Though classically considered to have increased stiffness resulting solely from the over-active velocity-dependent stretch reflex, chronically spastic muscles associated with stroke appear to also have increased nonreflex stiffness when compared to the side of the body ipsilateral to the lesioned hemisphere, as well as healthy controls [9], [10]. Clinically, spasticity is diagnosed and monitored using the 5-point Modified Ashworth Scale (MAS): a simple technique that requires no equipment, though is subjective, qualitative, and varies widely with muscle groups [11], [12]. Though the precise mechanism behind spasticity is not known, we now recognize a variety of biomechanical changes within skeletal muscle connective tissue that likely limit the effectiveness of a simplistic tool, such as the MAS, for evaluating spasticity in chronic stroke [13], [14]. Electromyography or biomechanical measures may offer more reliable, quantitative information, though are impractical for routine clinical use [14], [15], [16]. Furthermore, elevated muscle tone in persons with spasticity may not be related to activation of the muscle groups in question [17], [18].

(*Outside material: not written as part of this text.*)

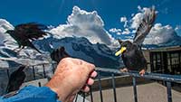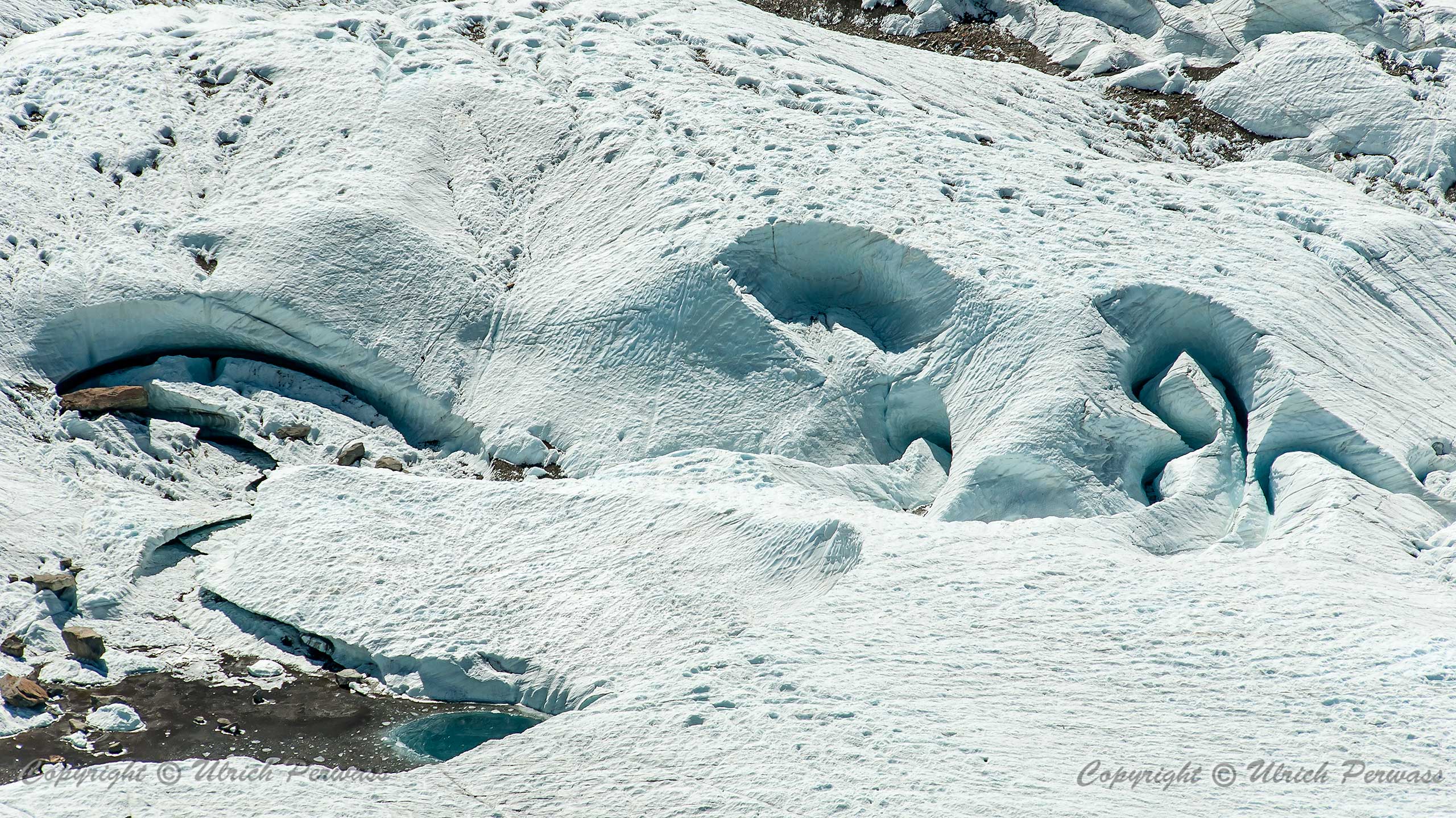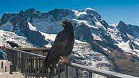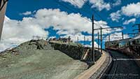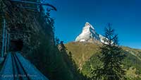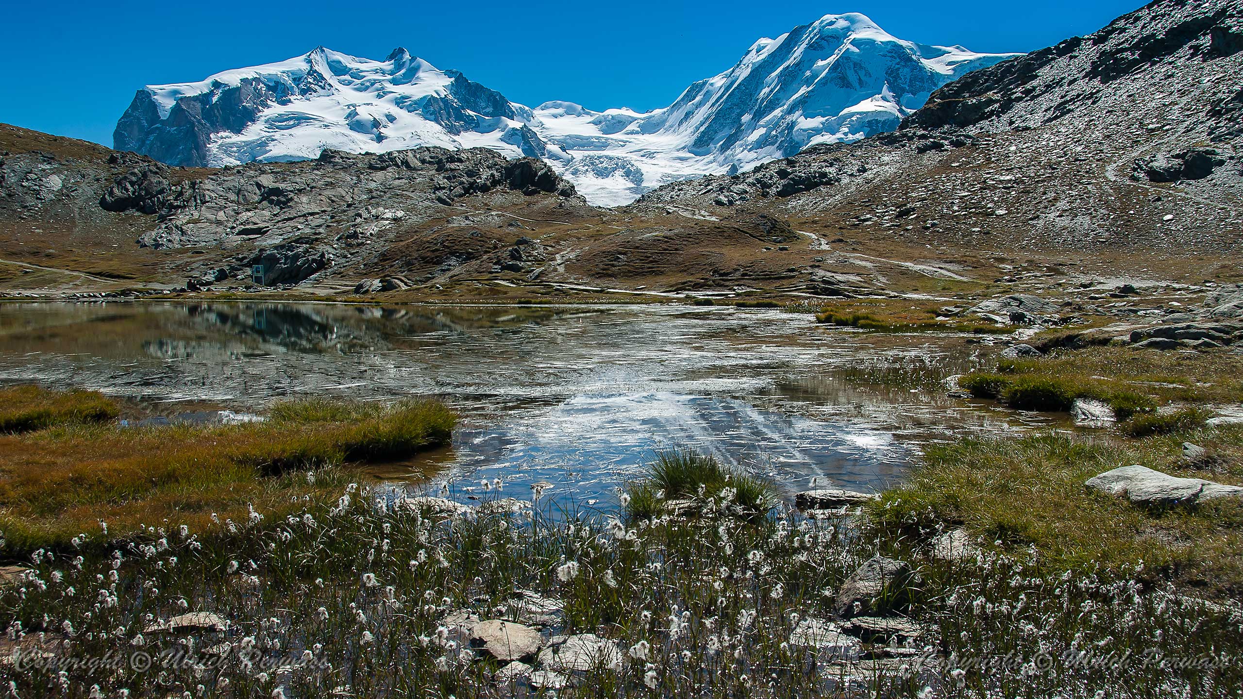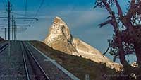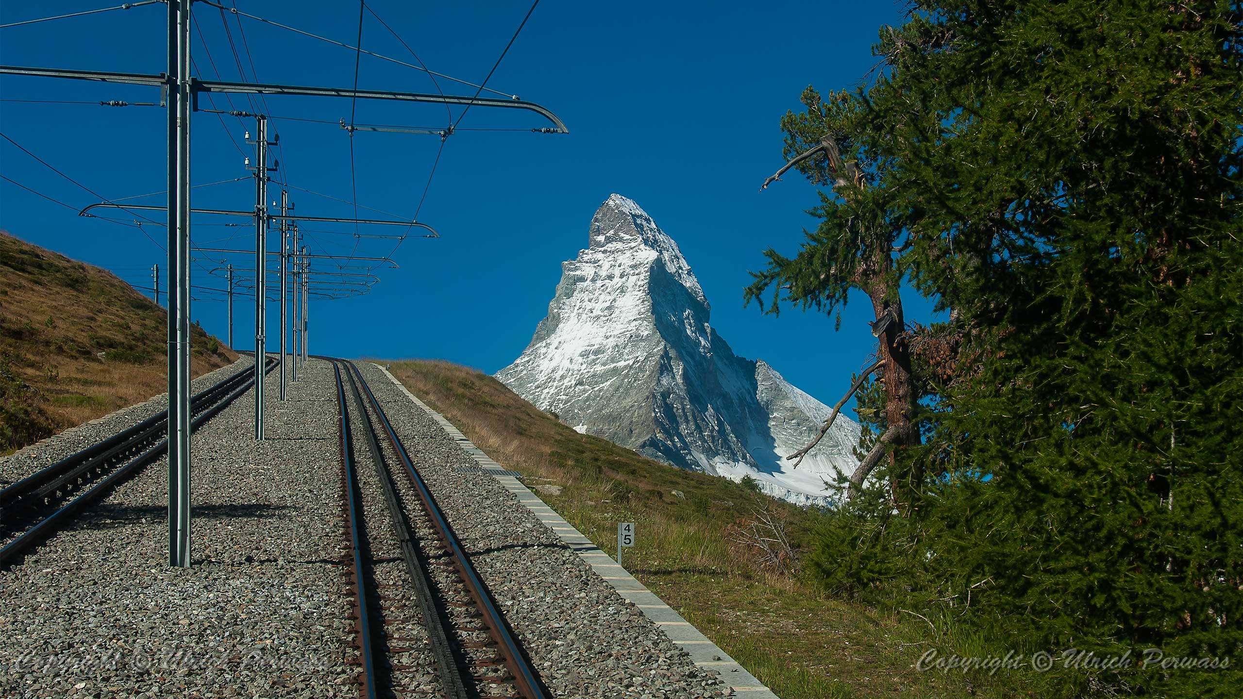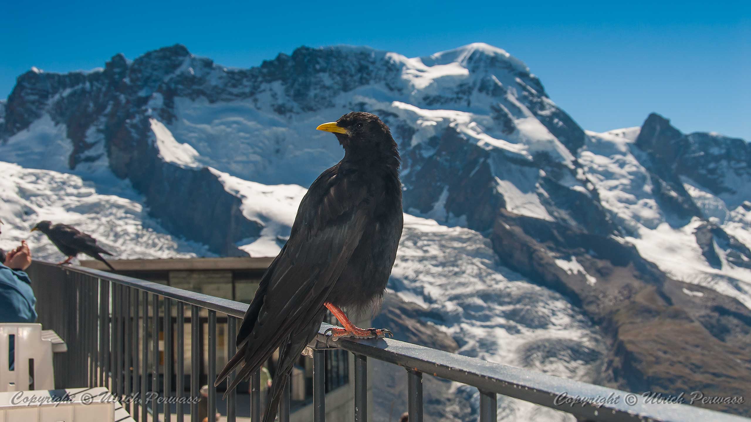 Tag 6 Die Matterhornspiegelung war auch am sechsten Tag angesagt. Dazu fuhr ich erstmals mit der Gornergratbahn 9,34 Kilometer mit maximal 20% Steigung von 1.604 Meter in Zermatt bis auf 3.089 Meter auf dem Gornergrat bergan. Das sind 1.485 Meter Höhenunterschied mit durchschnittlich 15,9% Steigung! Diese Zahnradbahn fährt mit dreiphasigem Drehstromantrieb 750V/50Hz, wobei zwei Phasen über zwei Oberleitungen und die dritte Phase über das Gleis zugeführt werden. Am Bahnhof Rotenbogen (2.918 m) machte ich eine längere Zwischenstation für die beiden Riffelseen mit ihren herrlichen Matterhornspiegelungen und für einen ersten Blick auf den Gornergratgletscher von der Flanke des Riffelhorns aus. Danach ging es dann weiter bis zum Endbahnhof Gornergrat, um dort gemeinsam mit Bergdohlen mein Mittagessen einzunehmen.

A variety of imaging-based elastography techniques have emerged with great promise for skeletal muscle evaluation, including ultrasound elastography and magnetic resonance elastography [18], [19], [20], [21], [22]. Strain elastography, a qualitative measure of relative stiffness, is also available but offers little advantage over the MAS, as neither offers a quantitative, objective measure [21], [23], [24]. The two quantitative imaging modalities, magnetic resonance elastography and ultrasound shear wave elastography (SWE), show good agreement in both phantoms and tissues, though SWE is especially promising for its flexibility, accessibility, and real-time results [25], [26], [27]. For this reason, SWE may be uniquely suited for evaluating pathologic alterations in stiffness of individual muscles, especially for quantifying spasticity [18], [28], [29], [30], [31].
This study evaluated the feasibility of using SWE to characterize the spastic reflex during passive elbow extension in an individual with spasticity caused by stroke. We hypothesized that SWE would capture heightened skeletal muscle stiffness, representing the spastic reflex, during passive elbow range of motion.
Methods
The subject was a 42-year-old right-hand-dominant male who experienced thromboembolic right middle cerebral artery occlusion, acutely treated with tissue plasminogen activator and endovascular recanalization. We evaluated him 10 months later, when he was receiving outpatient physiotherapy but no medical therapy for spasticity. His body mass index was 29.2 kg/m2. He provided informed consent, and all study procedures were approved by the institutional review board. Prior to biomechanical and ultrasound testing, an experienced, licensed, neuromuscular occupational therapist evaluated upper limb function and spasticity using the Fugl-Meyer assessment and MAS.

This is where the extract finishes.